The neighbors didn’t stand around watching; I for one stood in front of the bulldozer while the workers went around us with axes to hack out the leaded glass windows and hand carved beams and to deface the facade in a matter of minutes. The neighborhood is distraught, but through lies, deception, manipulation and not following the law regarding posting intent to demolish signs, Reuven and Shevy Gradon got exactly what they wanted. We look forward to welcoming them to the neighborhood.
Johnson Hartig
N. Citrus Ave.

This was such a beautiful and special home! It is devastating it is gone and extremely disappointing that lies were told that it would remain protected and loved by the new owners. And that letter is so morally corrupt after what he did. What a disgrace! And I wish he would have decided to at least remove parts of the house in a historical preservation way. I would have bought a number of parts of that incredible home.
Kat J.
N. Las Palmas Ave.

I completely agree — so sad that deception was used to tear down a beautiful home.
Casey Towle

Thanks for a great article that focuses on what truly matters in this case. I’m a property rights kind of guy, and it’s a shame to lose such a lovely house. But the real travesty is that we now have a morally bankrupt, lying [person] living in our neighborhood that sold his name and soul for a piece of dirt. Thanks for exposing him, and may karma act swiftly.
Mansfield Neighbor

Isn’t this a violation of the Demolition Notification Ordinance (Scorched Earth), and can’t this Gradon putz be subjected to a 15-year moratorium on building in that now-vacant spot?
Gregory Z.
Hollywood, CA

I live on North Mansfield Avenue, one block west of the recent thoughtless and unnecessary demolition of the home at 361 North Citrus Avenue. I did not have the pleasure of knowing the Cole family who previously lived at this location, but I did know another family who lived there prior to the Coles. Like the Coles, this family sold the property to the Coles with the express desire that the house be preserved.

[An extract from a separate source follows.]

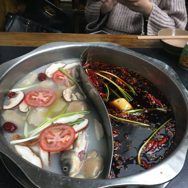 下午的火车回重庆搭机,那就吃一顿正宗的成都火锅吧,看看跟重庆火锅的差别,这家店的评价不错,服务也不错,价格有点高,俩人吃了175,但菜品挺新鲜的,味道也很不错大门挺古色古香的送的蚕豆很好吃,终于看见香菜了,这几天次火锅只看见了麻油和大蒜,今天终于有亲切的香菜了,哈哈哈鸳鸯锅里居然有鲫鱼,好神奇推荐牛肚,茼蒿,鸭血这里推荐山药和土豆,土豆不用说,就是个涮火锅的最佳配菜,吃点山药助消化也是不错的

The Cole’s recent letter to the Larchmont Chronicle regarding the sneaky, surprise demolition of this beautiful home moved me to write this letter. I am so sorry that they were deceived by the purchasers of their property.

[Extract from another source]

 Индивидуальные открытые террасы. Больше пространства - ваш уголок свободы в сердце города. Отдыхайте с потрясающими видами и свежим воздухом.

The attitude of disregard for promises made, disregard for neighbors and neighborhood, can be summed up in a popular saying, “Get over it.”

Those of us who love beauty and history will never “Get over it.”
Nora Summers
N. Mansfield Ave

Heartless, selfish criminals, plain and simple. What you wanna bet they plan to build a McMansion…
Yoo Mei

Too bad they cannot be sued for misrepresentation and forced to rebuild that home as it was before they got their grubby paws on it. It will be a mitzvah when what they did comes back as karma.
Gail Landers

How very sad to lose this charming piece of special architectural history, but even more so, to lose another bit of trust in humanity and feel the hurt for the rest of your life.
Lesson learned: put it in the contract!
Michael Scheidt
S. Sycamore Ave.

As I write this, I still feel emotional about the needless and selfish demolition of 361 North Citrus Ave.
Ancient teachings tell us that it is unethical to deceive someone to achieve one’s selfish gain. Other property owners have been levied with “scorched earth” penalties for similar destruction. The penalty that new owners Reuven and Shevy Gradon will endure will be distrust and shunning by their neighbors for however many, if any, years they live there.
As my grandmother and mother would say, “What a shanda.”
Toby Horn
Miracle Mile

Thank you for your accurate and honest report regarding the demolition of the culturally historic home at 361 N. Citrus Ave.
Without proper notification, we, the neighbors, stood in horror at seeing hammers blasting out the leaded glass windows alongside a bulldozer hard at work even before a fence was in place to protect the house next door.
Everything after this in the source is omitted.